Try it:
When you restate the data, keep every word as it is and drop the images.

Given records:
BEGIN

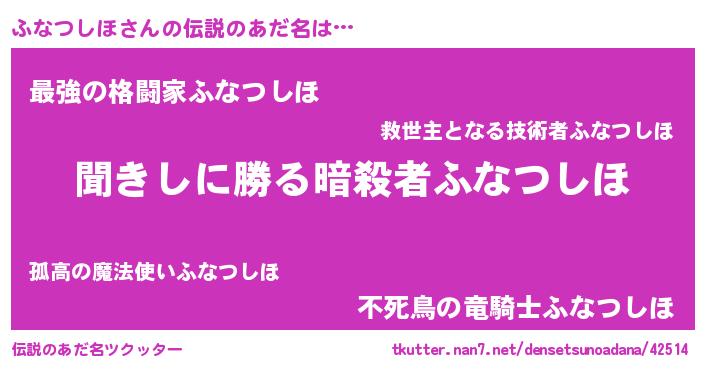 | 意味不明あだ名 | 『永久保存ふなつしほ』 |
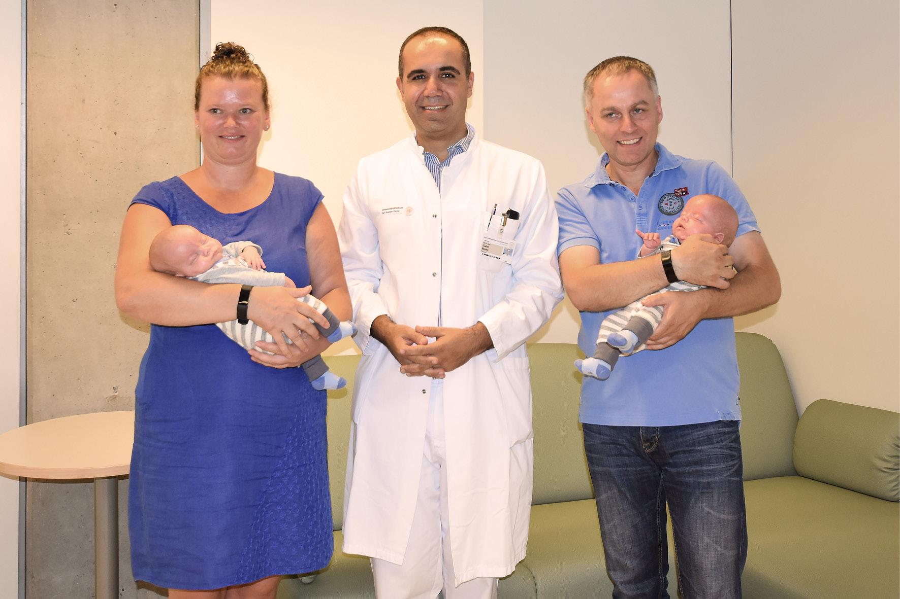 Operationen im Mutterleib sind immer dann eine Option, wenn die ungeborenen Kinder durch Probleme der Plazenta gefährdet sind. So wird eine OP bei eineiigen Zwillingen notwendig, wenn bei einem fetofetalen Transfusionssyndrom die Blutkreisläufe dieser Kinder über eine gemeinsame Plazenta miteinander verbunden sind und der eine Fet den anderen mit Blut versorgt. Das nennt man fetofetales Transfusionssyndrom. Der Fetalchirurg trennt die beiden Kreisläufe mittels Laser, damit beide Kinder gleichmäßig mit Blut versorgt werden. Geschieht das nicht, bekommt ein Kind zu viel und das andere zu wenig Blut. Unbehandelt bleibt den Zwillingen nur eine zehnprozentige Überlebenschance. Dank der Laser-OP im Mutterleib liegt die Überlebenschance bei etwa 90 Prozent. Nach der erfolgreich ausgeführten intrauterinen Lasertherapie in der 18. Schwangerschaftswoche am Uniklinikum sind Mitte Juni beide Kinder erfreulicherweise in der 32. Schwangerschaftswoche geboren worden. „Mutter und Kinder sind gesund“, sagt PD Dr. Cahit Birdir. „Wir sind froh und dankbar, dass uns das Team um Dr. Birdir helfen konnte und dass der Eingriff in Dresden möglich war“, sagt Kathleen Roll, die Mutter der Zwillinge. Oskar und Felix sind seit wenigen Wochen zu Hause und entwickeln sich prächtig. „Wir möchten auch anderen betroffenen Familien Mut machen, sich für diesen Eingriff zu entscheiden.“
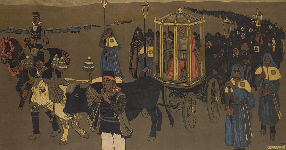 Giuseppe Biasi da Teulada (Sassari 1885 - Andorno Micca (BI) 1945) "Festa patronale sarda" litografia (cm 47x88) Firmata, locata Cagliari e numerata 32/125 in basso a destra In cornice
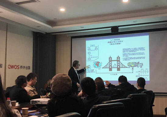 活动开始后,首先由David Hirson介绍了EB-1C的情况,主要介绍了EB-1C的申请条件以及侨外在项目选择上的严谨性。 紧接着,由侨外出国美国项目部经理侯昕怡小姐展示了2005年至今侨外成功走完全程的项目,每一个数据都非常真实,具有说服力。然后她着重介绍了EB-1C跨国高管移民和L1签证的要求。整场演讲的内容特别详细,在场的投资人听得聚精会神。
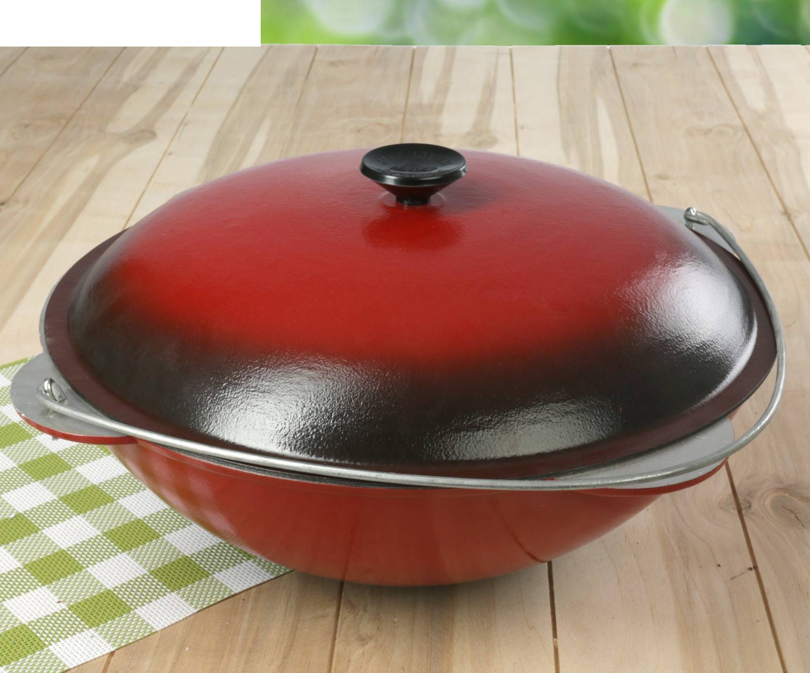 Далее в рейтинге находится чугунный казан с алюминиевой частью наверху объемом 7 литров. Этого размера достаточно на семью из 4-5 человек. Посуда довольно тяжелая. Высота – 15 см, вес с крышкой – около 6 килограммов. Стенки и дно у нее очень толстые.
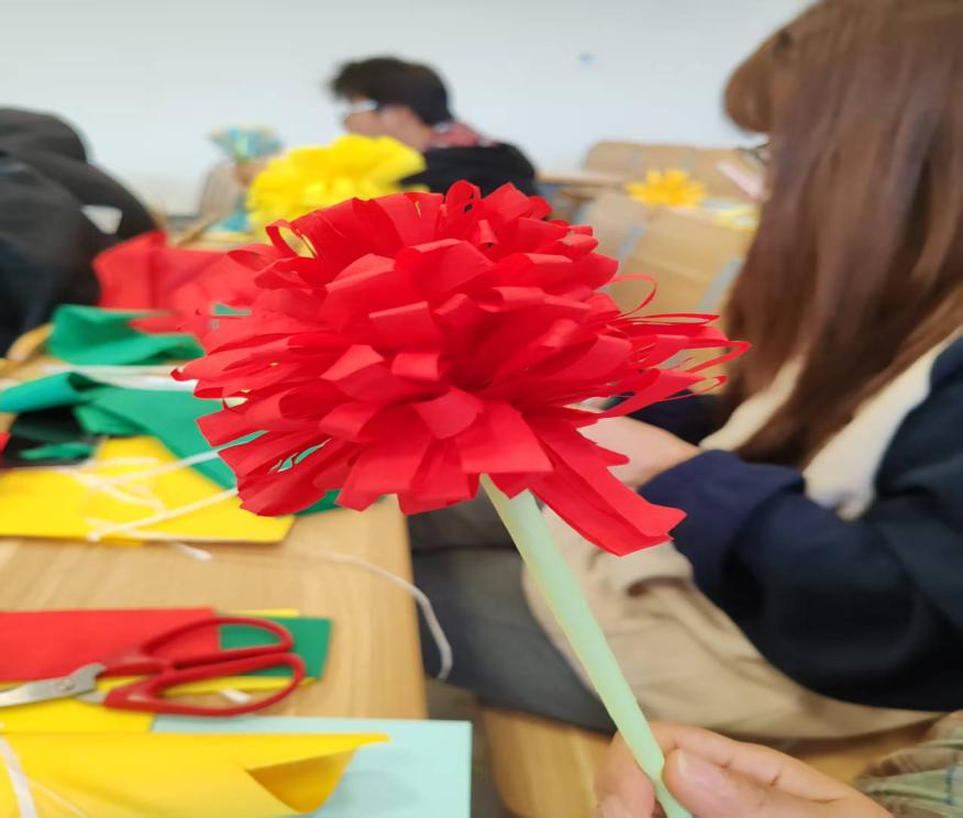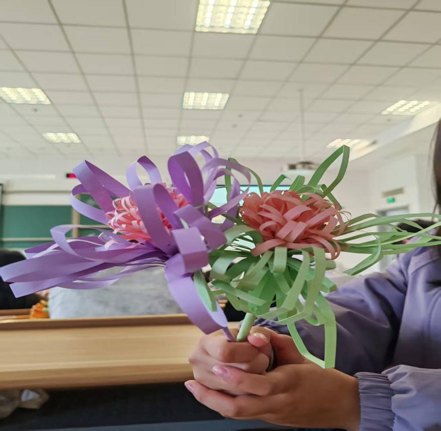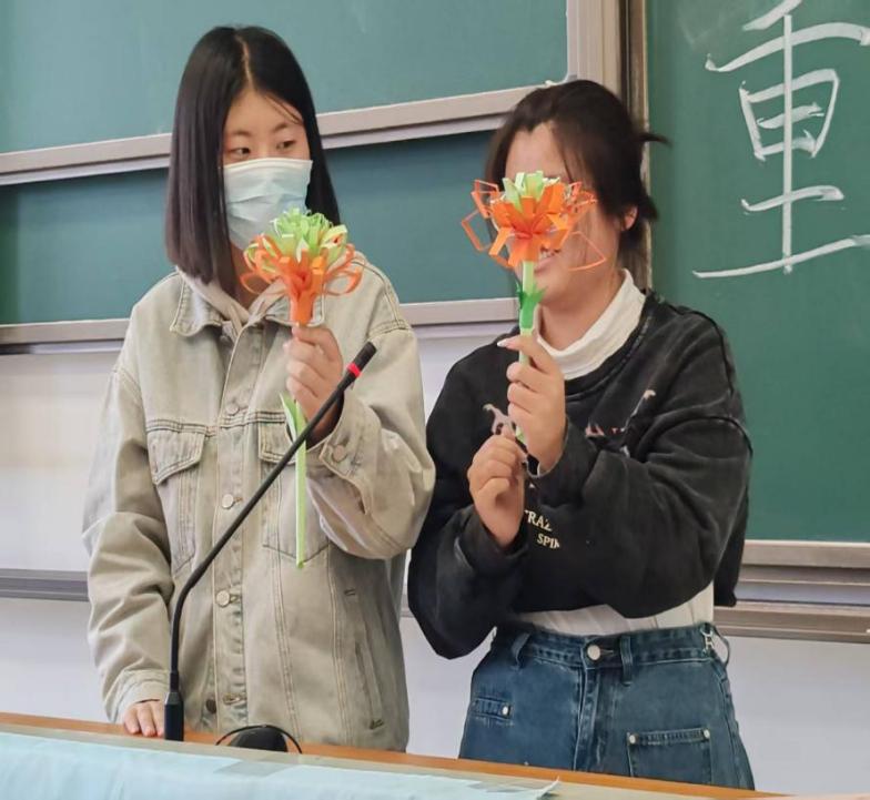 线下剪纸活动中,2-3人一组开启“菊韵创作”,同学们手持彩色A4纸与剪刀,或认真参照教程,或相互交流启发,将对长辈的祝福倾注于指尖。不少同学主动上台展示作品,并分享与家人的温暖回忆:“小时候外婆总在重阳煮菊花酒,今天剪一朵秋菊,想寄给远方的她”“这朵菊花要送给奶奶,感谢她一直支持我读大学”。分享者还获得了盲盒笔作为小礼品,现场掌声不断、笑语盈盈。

END

Written reply:
 | 意味不明あだ名 | 『永久保存ふなつしほ』 |
 Operationen im Mutterleib sind immer dann eine Option, wenn die ungeborenen Kinder durch Probleme der Plazenta gefährdet sind. So wird eine OP bei eineiigen Zwillingen notwendig, wenn bei einem fetofetalen Transfusionssyndrom die Blutkreisläufe dieser Kinder über eine gemeinsame Plazenta miteinander verbunden sind und der eine Fet den anderen mit Blut versorgt. Das nennt man fetofetales Transfusionssyndrom. Der Fetalchirurg trennt die beiden Kreisläufe mittels Laser, damit beide Kinder gleichmäßig mit Blut versorgt werden. Geschieht das nicht, bekommt ein Kind zu viel und das andere zu wenig Blut. Unbehandelt bleibt den Zwillingen nur eine zehnprozentige Überlebenschance. Dank der Laser-OP im Mutterleib liegt die Überlebenschance bei etwa 90 Prozent. Nach der erfolgreich ausgeführten intrauterinen Lasertherapie in der 18. Schwangerschaftswoche am Uniklinikum sind Mitte Juni beide Kinder erfreulicherweise in der 32. Schwangerschaftswoche geboren worden. „Mutter und Kinder sind gesund“, sagt PD Dr. Cahit Birdir. „Wir sind froh und dankbar, dass uns das Team um Dr. Birdir helfen konnte und dass der Eingriff in Dresden möglich war“, sagt Kathleen Roll, die Mutter der Zwillinge. Oskar und Felix sind seit wenigen Wochen zu Hause und entwickeln sich prächtig. „Wir möchten auch anderen betroffenen Familien Mut machen, sich für diesen Eingriff zu entscheiden.“
 Giuseppe Biasi da Teulada (Sassari 1885 - Andorno Micca (BI) 1945) "Festa patronale sarda" litografia (cm 47x88) Firmata, locata Cagliari e numerata 32/125 in basso a destra In cornice
 活动开始后,首先由David Hirson介绍了EB-1C的情况,主要介绍了EB-1C的申请条件以及侨外在项目选择上的严谨性。 紧接着,由侨外出国美国项目部经理侯昕怡小姐展示了2005年至今侨外成功走完全程的项目,每一个数据都非常真实,具有说服力。然后她着重介绍了EB-1C跨国高管移民和L1签证的要求。整场演讲的内容特别详细,在场的投资人听得聚精会神。
 Далее в рейтинге находится чугунный казан с алюминиевой частью наверху объемом 7 литров. Этого размера достаточно на семью из 4-5 человек. Посуда довольно тяжелая. Высота – 15 см, вес с крышкой – около 6 килограммов. Стенки и дно у нее очень толстые.
 线下剪纸活动中,2-3人一组开启“菊韵创作”,同学们手持彩色A4纸与剪刀,或认真参照教程,或相互交流启发,将对长辈的祝福倾注于指尖。不少同学主动上台展示作品,并分享与家人的温暖回忆:“小时候外婆总在重阳煮菊花酒,今天剪一朵秋菊,想寄给远方的她”“这朵菊花要送给奶奶,感谢她一直支持我读大学”。分享者还获得了盲盒笔作为小礼品,现场掌声不断、笑语盈盈。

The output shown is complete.